NLP Link started as a simple use case to exploit, conjointly, BioStrand’s text analytics platform and omics platform. In the primitive step of the project, it was difficult to assess how this would fit in the market.
But as I discussed the matter with clients and collaborators, it turns out that there’s not only a need for having an integrative environment for textual data and omics data of any kind, but many potential applications, such as enrichment, automatic annotations, cross-mapping through different datasets, and more.
The scope of this project alone makes it very exciting, as well as the opportunity to make an impact on the market.
Given the nature of BioStrand’s technology, I am quite attentive to the progress done in the field of bioinformatics and NLP. Recently, NLP has seen a breakthrough with the advent of deep learning transformer architectures1, such as Google’s BERT2, which significantly improved NLP tasks, including Named Entity Recognition, Relation Extraction, Question Answering, etc.
More spectacularly in my opinion, transformers and their Attention Mechanisms are at the heart of a significant breakthrough in molecular biology, with their implementation in DeepMind’s AlphaFold2 model, which is able to predict the 3D structures of proteins just from their amino-acid sequence3 . Finally, considering my work at BioStrand, I had great interest with this review4 of the intersection of NLP, deep learning-based methods, and protein structure.

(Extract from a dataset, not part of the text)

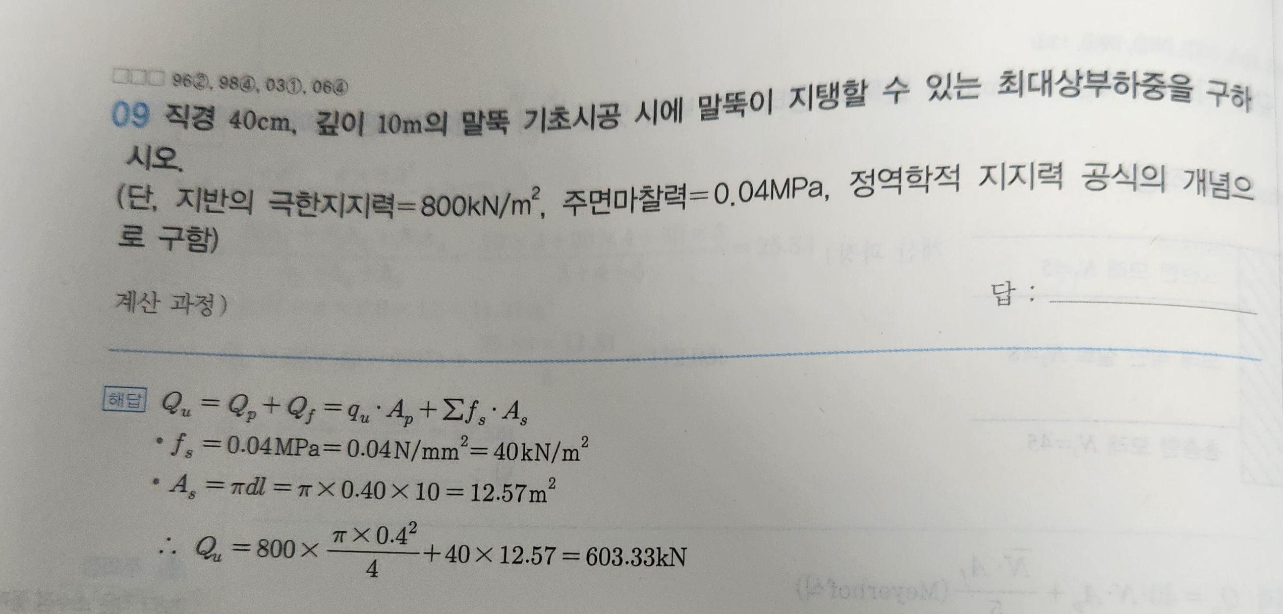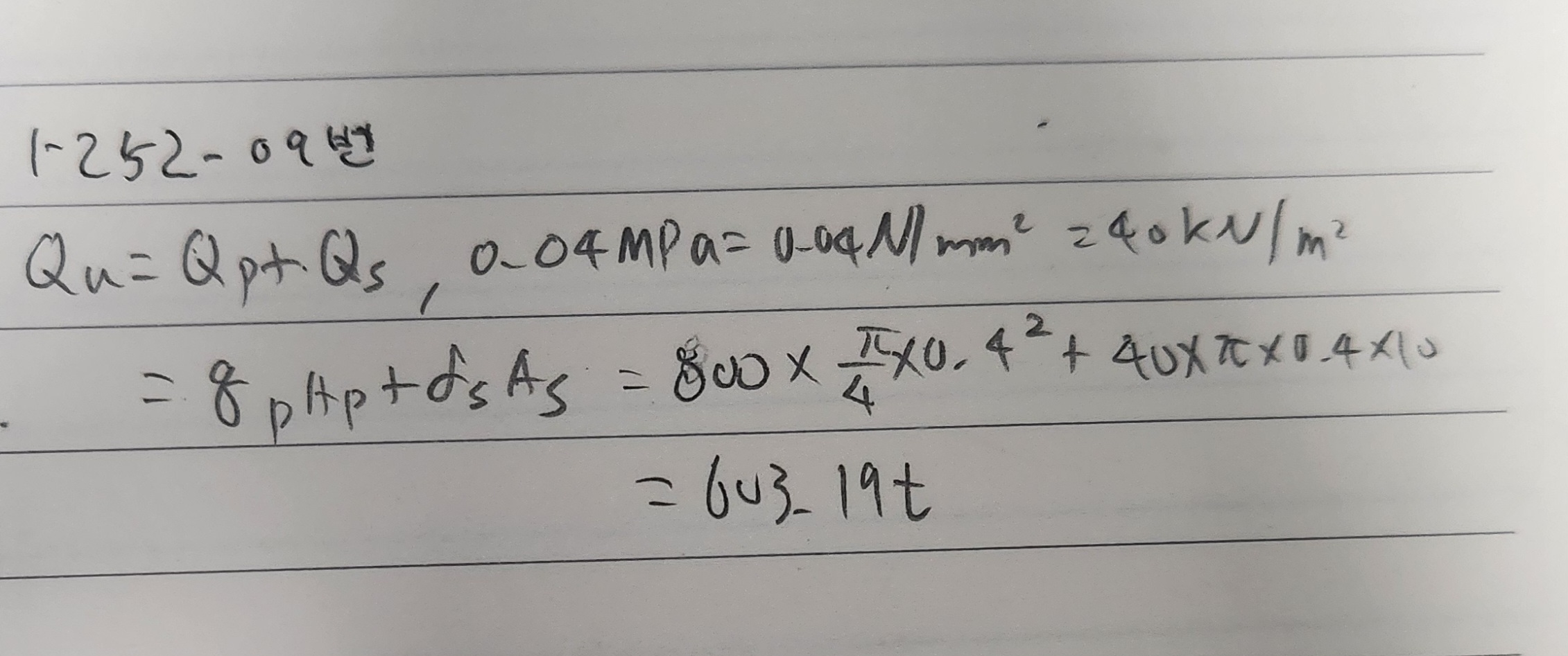 안녕하세요 교수님, 1권 문제회독을 하던 도중에 말뚝 극한지지력 값오차가 생각보다 커서 질문을 드리게 됐습니다 문제에선 표면적을 따로 계산한 다음에 반올림을 하고 극한지지력을 계산하던데,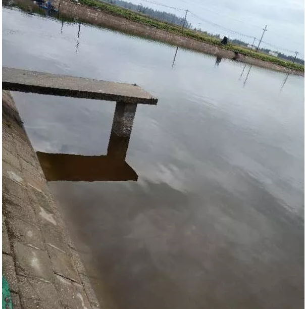 该塘为精养池,沙质膜底,基肥少且易渗水,投苗约20多天,水难肥且长清苔,用苔清1号3天后清苔明显萎缩,第四.五天连续两天用优底安及底加氧解藻毒、改底,接着增加新水约15Cm左右,用保水露、优藻2号及合生元发酵液肥水培藻,水质重新培养起来。

It’s a great read for anybody who wants to have some high-level understanding of the progress made and the challenges encountered in the field over recent years.
As a Data Scientist, my go-to tool to process data is the Python programming language, and the variety of libraries available (pandas, spark, etc.). For visualisation, I particularly enjoy Plotly and sub-libraries for interactive plots, as well as Seaborn for static ones.
To help in dealing with different projects, I like to code within notebooks in the Jupyter Lab environment. It is rudimentary and lacks the sophistication of PyCharm, but I prefer its sobriety. I also use Gephi or Cytoscape to visualise network-based data, typically after some processing, as data tends to be stored within relational tables (as in Microsoft Excel).
In my opinion, patience is a soft skill that is hard to acquire yet has significant purpose – both in work and in life. When I start working on a project, I never know if it is going to lead to something good or not, and how much time it’s going to take before coming to fruition. For some people, this can be frustrating, and they would prefer working on shorter-term projects.
However, if I want to work toward a greater objective, it is necessary to take both the risks and the time associated with the work necessary to achieve it. Hence, lack of patience so often leads to disappointment.
👏 Photo credit: Georgios Triantopoulos
1 Vaswani, A., Shazeer, N., Parmar, N., Uszkoreit, J., Jones, L., Gomez, A. N., ... & Polosukhin, I. (2017). Attention is all you need. In Advances in neural information processing systems (pp. 5998-6008).
2 Devlin, J., Chang, M. W., Lee, K., & Toutanova, K. (2018). Bert: Pre-training of deep bidirectional transformers for language understanding. arXiv preprint arXiv:1810.04805.
3 Jumper, J., Evans, R., Pritzel, A., Green, T., Figurnov, M., Ronneberger, O., ... & Hassabis, D. (2021). Highly accurate protein structure prediction with AlphaFold. Nature, 596 (7873), 583-589.
4 Ofer, D., Brandes, N., & Linial, M. (2021). The language of proteins: NLP, machine learning & protein sequences. Computational and Structural Biotechnology Journal.